Security forces open fire
The deadly assault in Mandalay took place after working people rushed to the Yadanabon dockyard to support workers who had refused a police order to load a boat with oil.
Teenage market laborer Wai Yan Tun was shot in the head and killed. Carpenter Thet Naing Win, 36, was killed with a shot to the chest. The security forces threw spikes — designed to cut through sandals — as they charged into the crowd.
“They even fired on ambulances and medical personnel taking the wounded to the hospital,” Yon Yati Naing, told the Militant during a solidarity protest in New York Feb. 20.
Myanmar Now reported that soldiers involved in the assault are from the same notorious unit that carried out a massacre of Rohingya men and boys in Rakhine state in 2017.
Following the killings in Mandalay, 25 unions and other organizations formed the General Strike Committee, including the All Burma Federation of Trade Unions, the National League for Democracy, the Federation of Farmers’ Unions, the All Burma Federation of Student Unions, and the Saffron Monk Network, as well as women’s rights organizations, ethnic rights groups and other political parties.

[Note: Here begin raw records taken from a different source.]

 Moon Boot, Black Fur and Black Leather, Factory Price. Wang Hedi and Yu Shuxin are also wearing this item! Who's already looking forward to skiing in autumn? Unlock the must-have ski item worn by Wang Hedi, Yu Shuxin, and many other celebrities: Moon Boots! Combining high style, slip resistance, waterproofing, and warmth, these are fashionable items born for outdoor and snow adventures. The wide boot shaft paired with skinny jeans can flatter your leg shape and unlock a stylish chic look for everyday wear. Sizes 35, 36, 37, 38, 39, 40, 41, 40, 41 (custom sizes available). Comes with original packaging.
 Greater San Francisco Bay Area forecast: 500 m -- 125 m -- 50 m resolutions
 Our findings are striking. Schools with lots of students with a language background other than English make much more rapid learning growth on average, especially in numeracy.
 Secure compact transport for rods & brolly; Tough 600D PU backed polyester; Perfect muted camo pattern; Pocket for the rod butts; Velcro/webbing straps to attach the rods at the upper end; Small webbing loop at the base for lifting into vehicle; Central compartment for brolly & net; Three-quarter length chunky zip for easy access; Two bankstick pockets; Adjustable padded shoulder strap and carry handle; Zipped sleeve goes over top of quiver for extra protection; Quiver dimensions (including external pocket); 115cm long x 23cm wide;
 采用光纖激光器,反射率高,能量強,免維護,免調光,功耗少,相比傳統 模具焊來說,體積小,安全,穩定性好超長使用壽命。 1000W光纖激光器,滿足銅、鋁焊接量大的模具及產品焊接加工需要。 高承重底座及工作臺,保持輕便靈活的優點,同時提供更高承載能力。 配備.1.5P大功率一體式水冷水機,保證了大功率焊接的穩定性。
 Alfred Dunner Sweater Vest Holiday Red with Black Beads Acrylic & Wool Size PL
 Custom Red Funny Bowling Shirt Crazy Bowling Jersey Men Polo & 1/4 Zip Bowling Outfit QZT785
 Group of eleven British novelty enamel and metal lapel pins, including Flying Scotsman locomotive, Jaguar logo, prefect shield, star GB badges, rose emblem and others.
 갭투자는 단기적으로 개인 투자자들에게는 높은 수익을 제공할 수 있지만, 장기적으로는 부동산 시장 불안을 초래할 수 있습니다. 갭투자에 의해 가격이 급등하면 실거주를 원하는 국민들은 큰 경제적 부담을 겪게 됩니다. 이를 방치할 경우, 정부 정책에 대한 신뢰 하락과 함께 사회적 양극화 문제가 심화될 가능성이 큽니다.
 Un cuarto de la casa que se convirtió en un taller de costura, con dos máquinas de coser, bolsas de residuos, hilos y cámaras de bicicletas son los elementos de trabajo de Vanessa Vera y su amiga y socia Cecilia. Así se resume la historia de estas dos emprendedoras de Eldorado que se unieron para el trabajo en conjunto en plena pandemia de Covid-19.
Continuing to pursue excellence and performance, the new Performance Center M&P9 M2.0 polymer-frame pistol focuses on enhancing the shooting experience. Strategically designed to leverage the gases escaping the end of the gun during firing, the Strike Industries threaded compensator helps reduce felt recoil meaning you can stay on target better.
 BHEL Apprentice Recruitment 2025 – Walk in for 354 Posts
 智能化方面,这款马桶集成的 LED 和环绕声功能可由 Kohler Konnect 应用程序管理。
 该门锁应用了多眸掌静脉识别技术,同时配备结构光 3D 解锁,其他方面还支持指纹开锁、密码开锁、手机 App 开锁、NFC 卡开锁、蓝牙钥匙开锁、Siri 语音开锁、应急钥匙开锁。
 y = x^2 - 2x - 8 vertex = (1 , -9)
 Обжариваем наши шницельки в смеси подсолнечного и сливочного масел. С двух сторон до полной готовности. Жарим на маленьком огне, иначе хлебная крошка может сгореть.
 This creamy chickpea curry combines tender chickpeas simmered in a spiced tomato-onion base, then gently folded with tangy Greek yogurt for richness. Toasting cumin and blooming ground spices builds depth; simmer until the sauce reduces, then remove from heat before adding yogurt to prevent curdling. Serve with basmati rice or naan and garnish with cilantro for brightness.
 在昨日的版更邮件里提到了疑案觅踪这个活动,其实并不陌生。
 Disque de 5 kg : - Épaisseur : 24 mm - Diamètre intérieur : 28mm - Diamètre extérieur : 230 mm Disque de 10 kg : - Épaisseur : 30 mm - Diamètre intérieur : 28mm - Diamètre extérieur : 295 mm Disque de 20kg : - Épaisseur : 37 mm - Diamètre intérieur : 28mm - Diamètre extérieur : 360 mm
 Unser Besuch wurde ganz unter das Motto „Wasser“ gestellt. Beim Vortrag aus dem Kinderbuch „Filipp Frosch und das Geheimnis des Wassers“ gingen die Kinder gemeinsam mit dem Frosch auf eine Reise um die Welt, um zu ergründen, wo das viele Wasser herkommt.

The committee demands the release of all political prisoners, the repeal of the 2008 constitution, and the formation of a federal union that would guarantee the rights of ethnic minorities.
Legacy of British rule
Divisions between the ethnic minorities and the Burman majority are a legacy of British colonial rule. The Myanmar government officially recognizes 135 ethnic groups, but excludes the mostly Muslim Rohingya, who it falsely claims are “illegal” immigrants from Bangladesh, denying them citizenship.
Burma, renamed Myanmar in 1989, became independent in 1948. The British colonial regime had stoked ethnic divisions as part of its divide- and-rule strategy, largely excluding Burmans from the government. After independence the new government, now led predominantly by Burmans, enforced its own discrimination against other ethnic minorities.
The latest protests are notable for the participation of workers and farmers from all the ethnic groups. While many are skeptical of Suu Kyi, they are united in opposition to military rule.
Over the last decade Myanmar has become a major center for world garment production, with over 600,000 workers. Its main trading partner and supplier of its military is Beijing, but capitalist companies from Singapore, Japan and India have substantial investments, all attracted by wages that are roughly half those in Cambodia and Vietnam.
Workers and farmers in much of the country don’t have access even to basic services. As of 2014, two-thirds of households didn’t have electricity, 70% depended on firewood for cooking and barely 2% had flush toilets.
Workers and their unions have been at the forefront of the protests. Moe Sandar Myint, a leader of the Federation of General Workers, told garment workers at a Feb. 13 protest in Yangon that they had hoped that as the COVID-19 pandemic was ending and shutdowns lifted, there would be better opportunities to win higher wages and better conditions. But the military coup meant that “instead we face tears and sorrow,” she said.
“We are not fighting just for one political party,” Confederation of Trade Unions leader Phyo Sandar Soe told the crowd. “We are fighting for the whole nation and for the wishes of the Myanmar people.”